EXTRACTED INFORMATION →
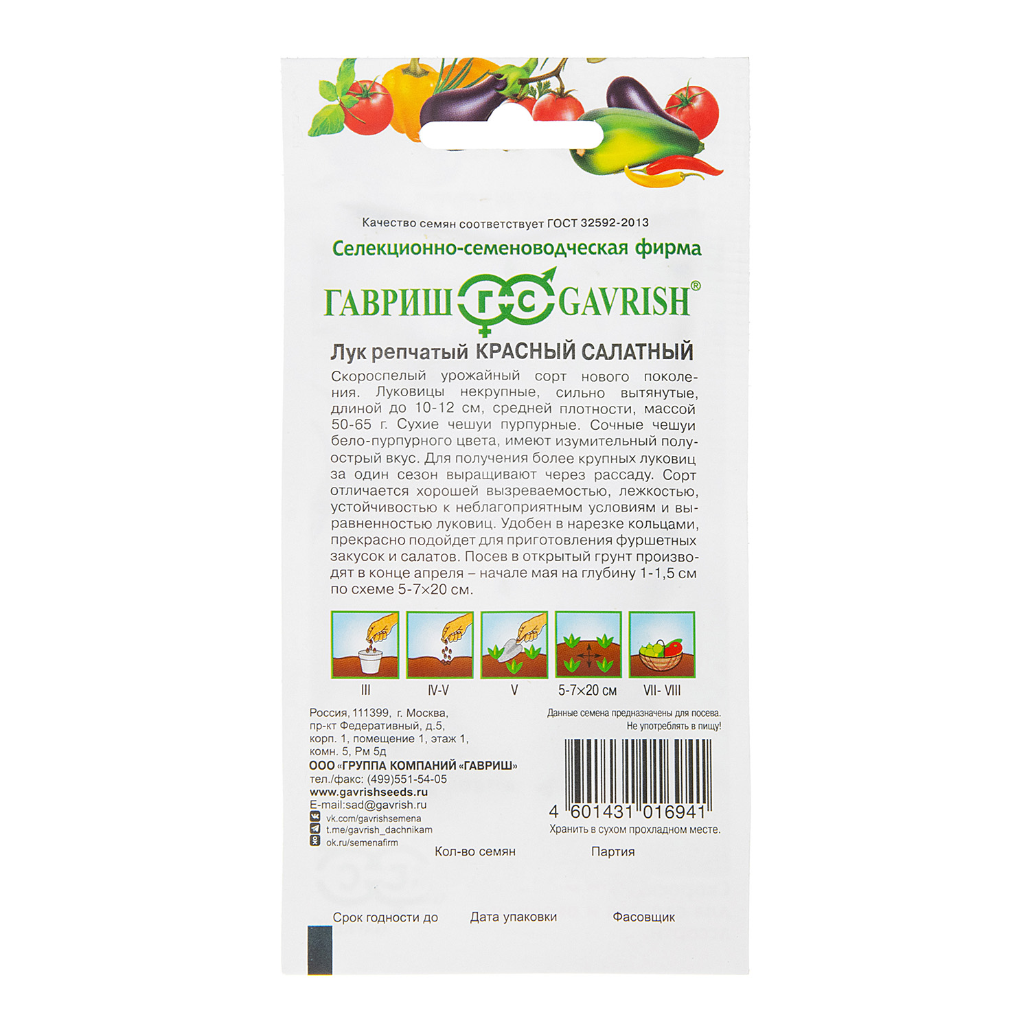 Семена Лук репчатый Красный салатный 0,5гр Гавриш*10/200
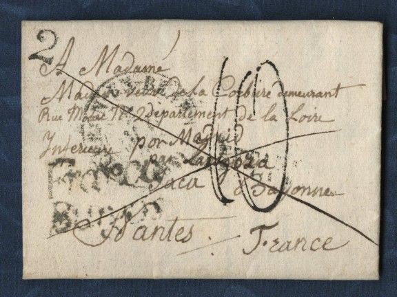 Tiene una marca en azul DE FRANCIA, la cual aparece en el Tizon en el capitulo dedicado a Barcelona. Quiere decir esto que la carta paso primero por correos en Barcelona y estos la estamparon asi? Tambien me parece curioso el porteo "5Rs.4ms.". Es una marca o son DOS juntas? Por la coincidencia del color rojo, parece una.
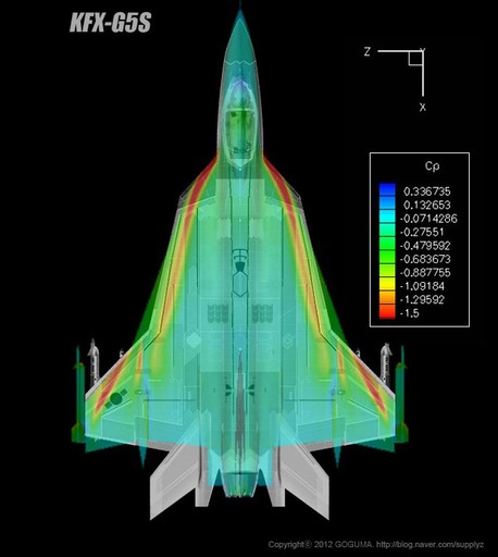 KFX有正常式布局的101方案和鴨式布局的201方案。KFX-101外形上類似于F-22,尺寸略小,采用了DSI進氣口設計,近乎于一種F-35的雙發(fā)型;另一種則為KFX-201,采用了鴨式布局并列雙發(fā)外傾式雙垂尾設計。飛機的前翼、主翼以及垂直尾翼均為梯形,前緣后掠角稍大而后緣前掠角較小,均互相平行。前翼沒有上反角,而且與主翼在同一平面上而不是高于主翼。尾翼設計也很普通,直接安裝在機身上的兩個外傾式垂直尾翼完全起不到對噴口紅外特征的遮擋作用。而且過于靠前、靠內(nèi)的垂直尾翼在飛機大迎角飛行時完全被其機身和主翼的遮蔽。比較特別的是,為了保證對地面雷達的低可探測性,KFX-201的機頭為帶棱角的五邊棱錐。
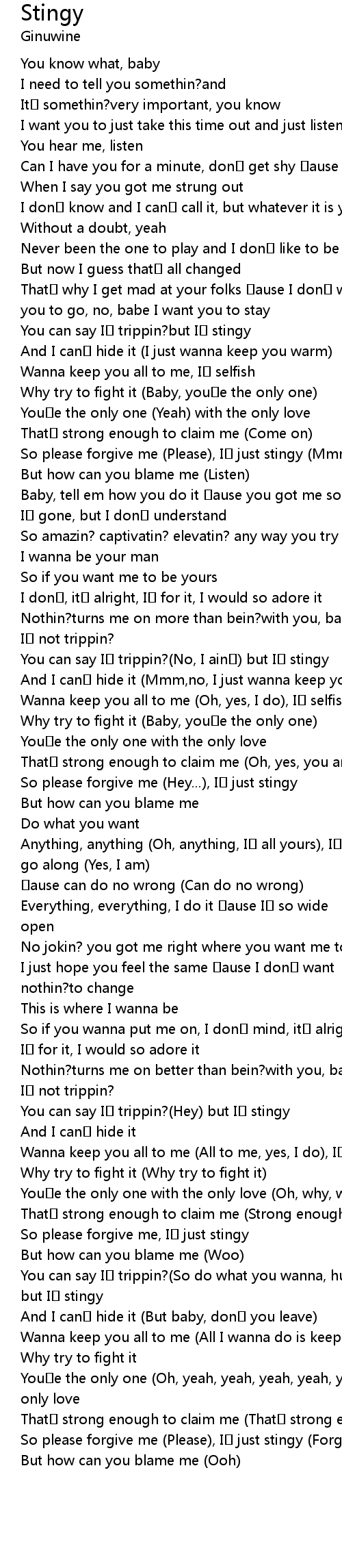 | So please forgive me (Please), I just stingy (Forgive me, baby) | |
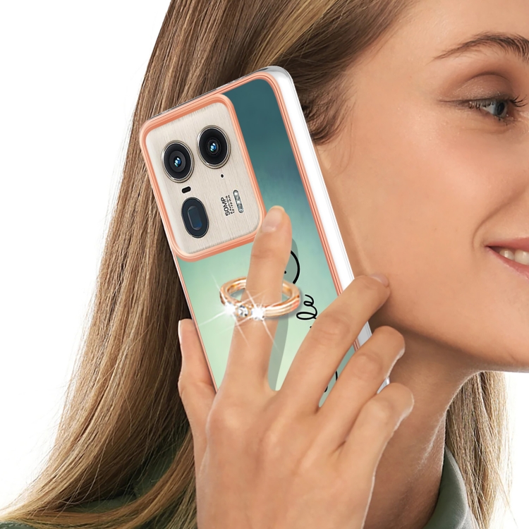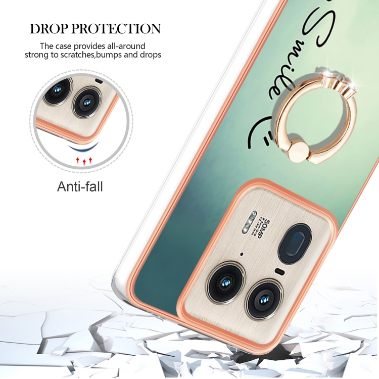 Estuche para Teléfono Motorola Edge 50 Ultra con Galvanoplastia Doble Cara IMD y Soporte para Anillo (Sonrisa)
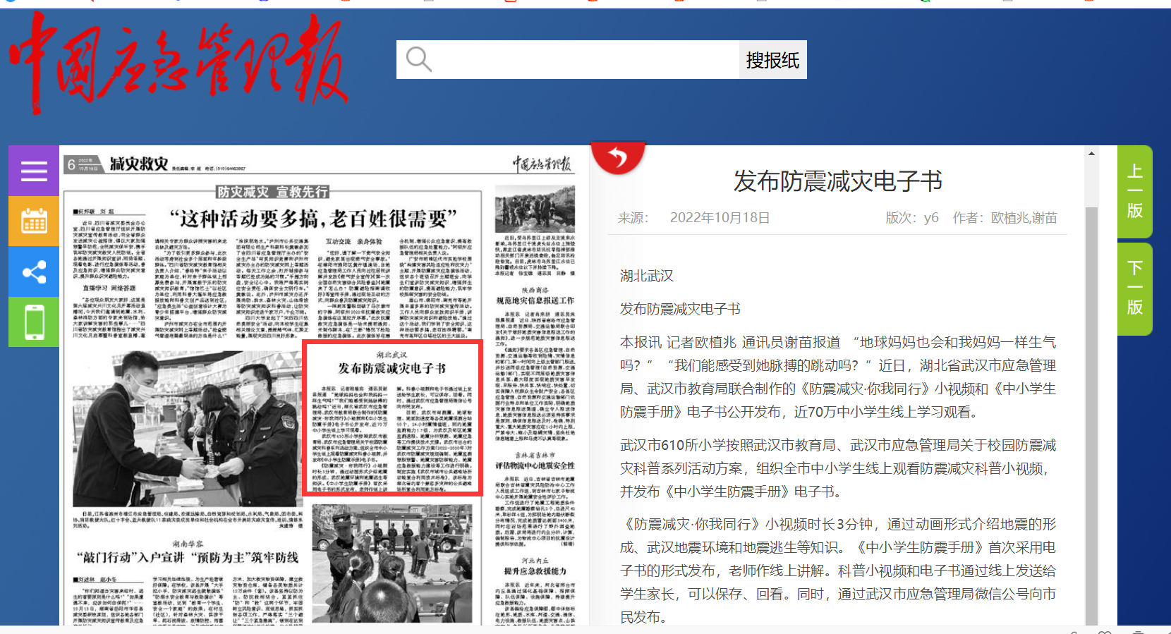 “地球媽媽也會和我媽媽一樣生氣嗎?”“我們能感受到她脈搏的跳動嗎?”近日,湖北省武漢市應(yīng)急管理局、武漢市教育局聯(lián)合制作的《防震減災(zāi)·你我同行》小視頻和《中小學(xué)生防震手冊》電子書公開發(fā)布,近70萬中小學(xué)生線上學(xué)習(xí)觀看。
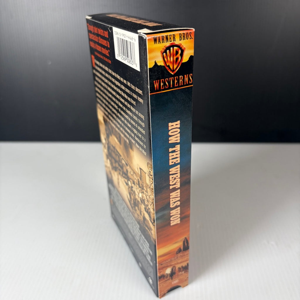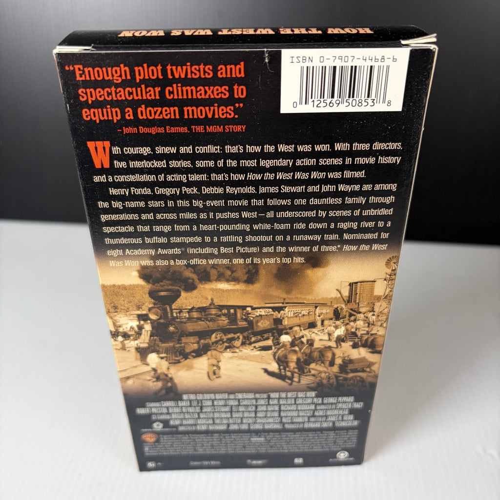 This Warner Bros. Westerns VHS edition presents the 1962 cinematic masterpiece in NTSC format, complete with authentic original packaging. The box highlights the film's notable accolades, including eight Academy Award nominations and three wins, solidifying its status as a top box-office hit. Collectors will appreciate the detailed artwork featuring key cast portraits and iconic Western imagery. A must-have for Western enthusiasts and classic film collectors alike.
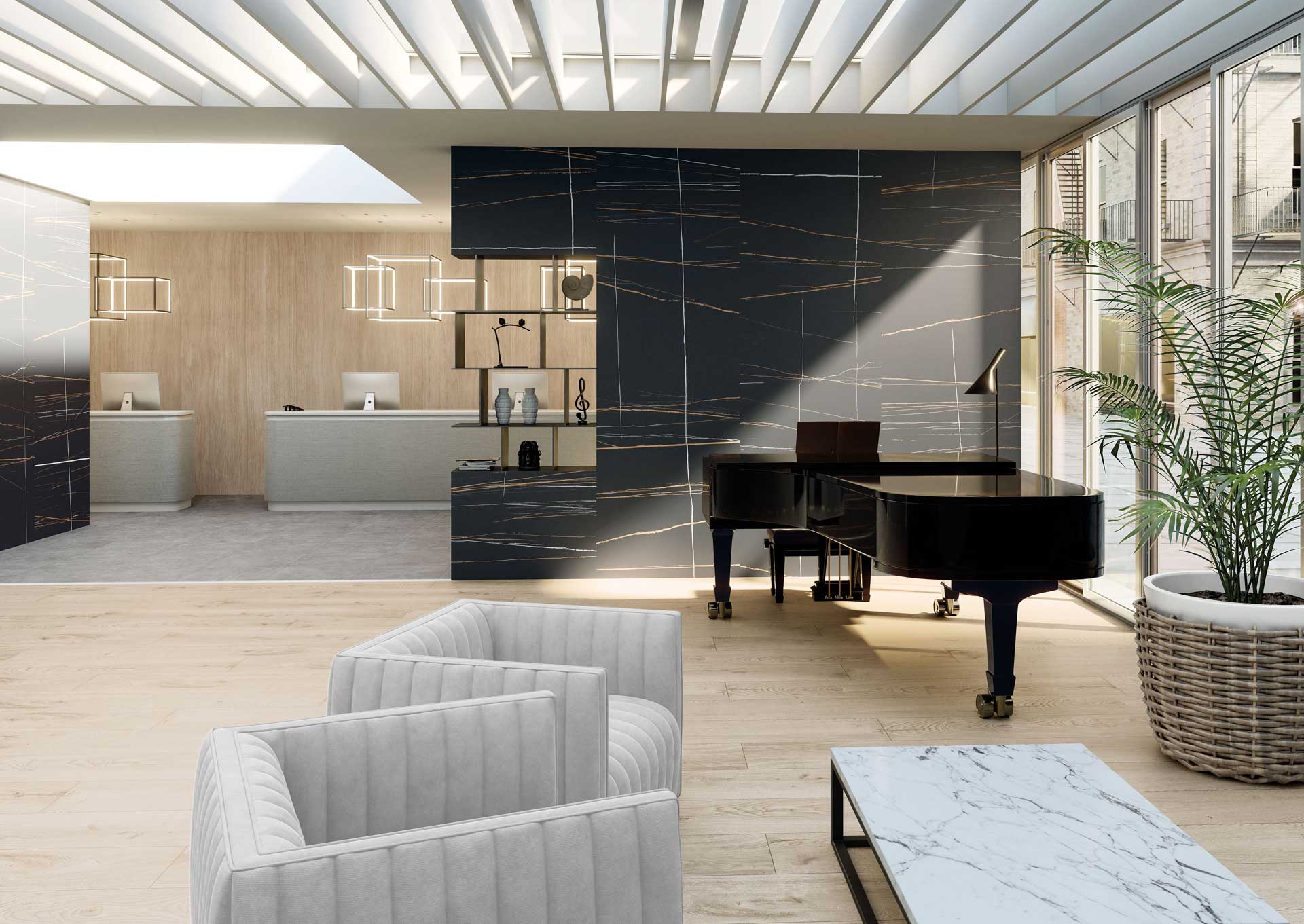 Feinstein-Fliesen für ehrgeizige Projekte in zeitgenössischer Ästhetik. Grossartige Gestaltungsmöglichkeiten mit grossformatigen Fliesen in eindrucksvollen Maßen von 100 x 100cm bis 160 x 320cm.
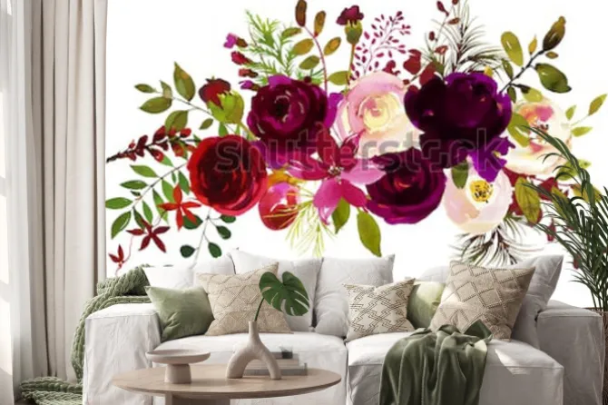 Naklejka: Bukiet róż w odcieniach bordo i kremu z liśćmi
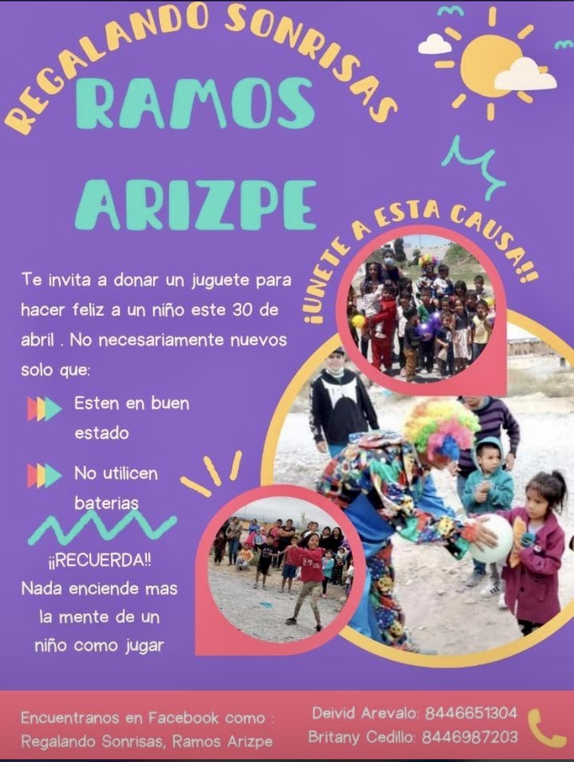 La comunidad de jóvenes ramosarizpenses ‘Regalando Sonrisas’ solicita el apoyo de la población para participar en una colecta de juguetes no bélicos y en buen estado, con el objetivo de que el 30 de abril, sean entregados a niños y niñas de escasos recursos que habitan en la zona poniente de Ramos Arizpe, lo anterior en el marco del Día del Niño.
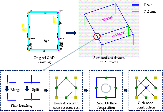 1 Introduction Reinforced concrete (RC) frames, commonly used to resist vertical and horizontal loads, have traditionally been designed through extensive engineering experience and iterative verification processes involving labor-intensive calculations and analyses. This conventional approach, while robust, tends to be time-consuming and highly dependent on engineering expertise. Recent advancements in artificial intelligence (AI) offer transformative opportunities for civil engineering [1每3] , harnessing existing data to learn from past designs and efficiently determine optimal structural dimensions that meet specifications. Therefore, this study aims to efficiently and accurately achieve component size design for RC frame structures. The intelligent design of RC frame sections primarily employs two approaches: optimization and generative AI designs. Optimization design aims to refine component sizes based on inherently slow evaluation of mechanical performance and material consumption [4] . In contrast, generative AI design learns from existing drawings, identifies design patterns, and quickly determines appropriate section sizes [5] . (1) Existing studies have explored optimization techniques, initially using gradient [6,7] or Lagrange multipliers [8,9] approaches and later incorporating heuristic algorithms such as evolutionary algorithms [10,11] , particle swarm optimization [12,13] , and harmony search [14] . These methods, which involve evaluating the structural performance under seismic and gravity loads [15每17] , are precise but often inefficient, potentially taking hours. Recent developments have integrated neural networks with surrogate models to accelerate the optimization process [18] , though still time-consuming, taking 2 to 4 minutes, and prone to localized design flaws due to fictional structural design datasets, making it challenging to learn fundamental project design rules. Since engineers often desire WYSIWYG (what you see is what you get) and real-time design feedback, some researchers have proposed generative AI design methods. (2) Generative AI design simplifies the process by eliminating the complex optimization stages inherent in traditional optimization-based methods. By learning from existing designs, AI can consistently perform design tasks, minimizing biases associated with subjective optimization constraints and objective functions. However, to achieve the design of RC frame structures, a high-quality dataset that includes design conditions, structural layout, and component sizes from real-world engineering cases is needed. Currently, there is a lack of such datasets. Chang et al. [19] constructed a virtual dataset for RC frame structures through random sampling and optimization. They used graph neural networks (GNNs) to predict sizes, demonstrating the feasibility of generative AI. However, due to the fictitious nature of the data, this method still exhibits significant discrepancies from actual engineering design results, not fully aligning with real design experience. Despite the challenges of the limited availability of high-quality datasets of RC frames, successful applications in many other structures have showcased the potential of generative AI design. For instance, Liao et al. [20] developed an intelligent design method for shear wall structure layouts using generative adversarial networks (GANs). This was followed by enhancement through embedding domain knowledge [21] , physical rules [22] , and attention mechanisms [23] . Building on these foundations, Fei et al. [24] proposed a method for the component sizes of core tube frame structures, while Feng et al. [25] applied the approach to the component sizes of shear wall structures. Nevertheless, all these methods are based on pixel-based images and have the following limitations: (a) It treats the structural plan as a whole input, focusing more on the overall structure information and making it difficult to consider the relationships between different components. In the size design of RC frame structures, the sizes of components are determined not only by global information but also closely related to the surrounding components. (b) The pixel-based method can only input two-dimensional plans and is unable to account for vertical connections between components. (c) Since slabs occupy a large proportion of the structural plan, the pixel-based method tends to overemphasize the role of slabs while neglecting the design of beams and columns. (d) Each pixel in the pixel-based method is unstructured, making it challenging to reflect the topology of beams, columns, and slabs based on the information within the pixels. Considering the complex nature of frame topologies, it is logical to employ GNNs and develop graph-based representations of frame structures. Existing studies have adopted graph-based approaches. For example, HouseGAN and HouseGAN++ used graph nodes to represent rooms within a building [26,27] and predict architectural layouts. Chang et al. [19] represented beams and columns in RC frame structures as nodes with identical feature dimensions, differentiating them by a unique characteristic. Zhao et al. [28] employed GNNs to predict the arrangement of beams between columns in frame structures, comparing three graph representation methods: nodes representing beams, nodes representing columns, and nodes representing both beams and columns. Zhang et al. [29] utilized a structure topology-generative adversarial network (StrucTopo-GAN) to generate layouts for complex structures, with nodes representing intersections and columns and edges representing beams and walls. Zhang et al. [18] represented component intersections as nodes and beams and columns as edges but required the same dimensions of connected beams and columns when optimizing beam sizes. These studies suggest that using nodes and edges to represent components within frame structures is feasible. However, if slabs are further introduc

WHAT TO WORK ON → Leave out the pictures and retype every line above exactly.

RESPONSE →
 Семена Лук репчатый Красный салатный 0,5гр Гавриш*10/200
 Tiene una marca en azul DE FRANCIA, la cual aparece en el Tizon en el capitulo dedicado a Barcelona. Quiere decir esto que la carta paso primero por correos en Barcelona y estos la estamparon asi? Tambien me parece curioso el porteo "5Rs.4ms.". Es una marca o son DOS juntas? Por la coincidencia del color rojo, parece una.
 KFX有正常式布局的101方案和鴨式布局的201方案。KFX-101外形上類似于F-22,尺寸略小,采用了DSI進氣口設計,近乎于一種F-35的雙發(fā)型;另一種則為KFX-201,采用了鴨式布局并列雙發(fā)外傾式雙垂尾設計。飛機的前翼、主翼以及垂直尾翼均為梯形,前緣后掠角稍大而后緣前掠角較小,均互相平行。前翼沒有上反角,而且與主翼在同一平面上而不是高于主翼。尾翼設計也很普通,直接安裝在機身上的兩個外傾式垂直尾翼完全起不到對噴口紅外特征的遮擋作用。而且過于靠前、靠內(nèi)的垂直尾翼在飛機大迎角飛行時完全被其機身和主翼的遮蔽。比較特別的是,為了保證對地面雷達的低可探測性,KFX-201的機頭為帶棱角的五邊棱錐。
 | So please forgive me (Please), I just stingy (Forgive me, baby) | |
 Estuche para Teléfono Motorola Edge 50 Ultra con Galvanoplastia Doble Cara IMD y Soporte para Anillo (Sonrisa)
 “地球媽媽也會和我媽媽一樣生氣嗎?”“我們能感受到她脈搏的跳動嗎?”近日,湖北省武漢市應(yīng)急管理局、武漢市教育局聯(lián)合制作的《防震減災(zāi)·你我同行》小視頻和《中小學(xué)生防震手冊》電子書公開發(fā)布,近70萬中小學(xué)生線上學(xué)習(xí)觀看。
 This Warner Bros. Westerns VHS edition presents the 1962 cinematic masterpiece in NTSC format, complete with authentic original packaging. The box highlights the film's notable accolades, including eight Academy Award nominations and three wins, solidifying its status as a top box-office hit. Collectors will appreciate the detailed artwork featuring key cast portraits and iconic Western imagery. A must-have for Western enthusiasts and classic film collectors alike.
 Feinstein-Fliesen für ehrgeizige Projekte in zeitgenössischer Ästhetik. Grossartige Gestaltungsmöglichkeiten mit grossformatigen Fliesen in eindrucksvollen Maßen von 100 x 100cm bis 160 x 320cm.
 Naklejka: Bukiet róż w odcieniach bordo i kremu z liśćmi
 La comunidad de jóvenes ramosarizpenses ‘Regalando Sonrisas’ solicita el apoyo de la población para participar en una colecta de juguetes no bélicos y en buen estado, con el objetivo de que el 30 de abril, sean entregados a niños y niñas de escasos recursos que habitan en la zona poniente de Ramos Arizpe, lo anterior en el marco del Día del Niño.
 1 Introduction Reinforced concrete (RC) frames, commonly used to resist vertical and horizontal loads, have traditionally been designed through extensive engineering experience and iterative verification processes involving labor-intensive calculations and analyses. This conventional approach, while robust, tends to be time-consuming and highly dependent on engineering expertise. Recent advancements in artificial intelligence (AI) offer transformative opportunities for civil engineering [1每3] , harnessing existing data to learn from past designs and efficiently determine optimal structural dimensions that meet specifications. Therefore, this study aims to efficiently and accurately achieve component size design for RC frame structures. The intelligent design of RC frame sections primarily employs two approaches: optimization and generative AI designs. Optimization design aims to refine component sizes based on inherently slow evaluation of mechanical performance and material consumption [4] . In contrast, generative AI design learns from existing drawings, identifies design patterns, and quickly determines appropriate section sizes [5] . (1) Existing studies have explored optimization techniques, initially using gradient [6,7] or Lagrange multipliers [8,9] approaches and later incorporating heuristic algorithms such as evolutionary algorithms [10,11] , particle swarm optimization [12,13] , and harmony search [14] . These methods, which involve evaluating the structural performance under seismic and gravity loads [15每17] , are precise but often inefficient, potentially taking hours. Recent developments have integrated neural networks with surrogate models to accelerate the optimization process [18] , though still time-consuming, taking 2 to 4 minutes, and prone to localized design flaws due to fictional structural design datasets, making it challenging to learn fundamental project design rules. Since engineers often desire WYSIWYG (what you see is what you get) and real-time design feedback, some researchers have proposed generative AI design methods. (2) Generative AI design simplifies the process by eliminating the complex optimization stages inherent in traditional optimization-based methods. By learning from existing designs, AI can consistently perform design tasks, minimizing biases associated with subjective optimization constraints and objective functions. However, to achieve the design of RC frame structures, a high-quality dataset that includes design conditions, structural layout, and component sizes from real-world engineering cases is needed. Currently, there is a lack of such datasets. Chang et al. [19] constructed a virtual dataset for RC frame structures through random sampling and optimization. They used graph neural networks (GNNs) to predict sizes, demonstrating the feasibility of generative AI. However, due to the fictitious nature of the data, this method still exhibits significant discrepancies from actual engineering design results, not fully aligning with real design experience. Despite the challenges of the limited availability of high-quality datasets of RC frames, successful applications in many other structures have showcased the potential of generative AI design. For instance, Liao et al. [20] developed an intelligent design method for shear wall structure layouts using generative adversarial networks (GANs). This was followed by enhancement through embedding domain knowledge [21] , physical rules [22] , and attention mechanisms [23] . Building on these foundations, Fei et al. [24] proposed a method for the component sizes of core tube frame structures, while Feng et al. [25] applied the approach to the component sizes of shear wall structures. Nevertheless, all these methods are based on pixel-based images and have the following limitations: (a) It treats the structural plan as a whole input, focusing more on the overall structure information and making it difficult to consider the relationships between different components. In the size design of RC frame structures, the sizes of components are determined not only by global information but also closely related to the surrounding components. (b) The pixel-based method can only input two-dimensional plans and is unable to account for vertical connections between components. (c) Since slabs occupy a large proportion of the structural plan, the pixel-based method tends to overemphasize the role of slabs while neglecting the design of beams and columns. (d) Each pixel in the pixel-based method is unstructured, making it challenging to reflect the topology of beams, columns, and slabs based on the information within the pixels. Considering the complex nature of frame topologies, it is logical to employ GNNs and develop graph-based representations of frame structures. Existing studies have adopted graph-based approaches. For example, HouseGAN and HouseGAN++ used graph nodes to represent rooms within a building [26,27] and predict architectural layouts. Chang et al. [19] represented beams and columns in RC frame structures as nodes with identical feature dimensions, differentiating them by a unique characteristic. Zhao et al. [28] employed GNNs to predict the arrangement of beams between columns in frame structures, comparing three graph representation methods: nodes representing beams, nodes representing columns, and nodes representing both beams and columns. Zhang et al. [29] utilized a structure topology-generative adversarial network (StrucTopo-GAN) to generate layouts for complex structures, with nodes representing intersections and columns and edges representing beams and walls. Zhang et al. [18] represented component intersections as nodes and beams and columns as edges but required the same dimensions of connected beams and columns when optimizing beam sizes. These studies suggest that using nodes and edges to represent components within frame structures is feasible. However, if slabs are further introduc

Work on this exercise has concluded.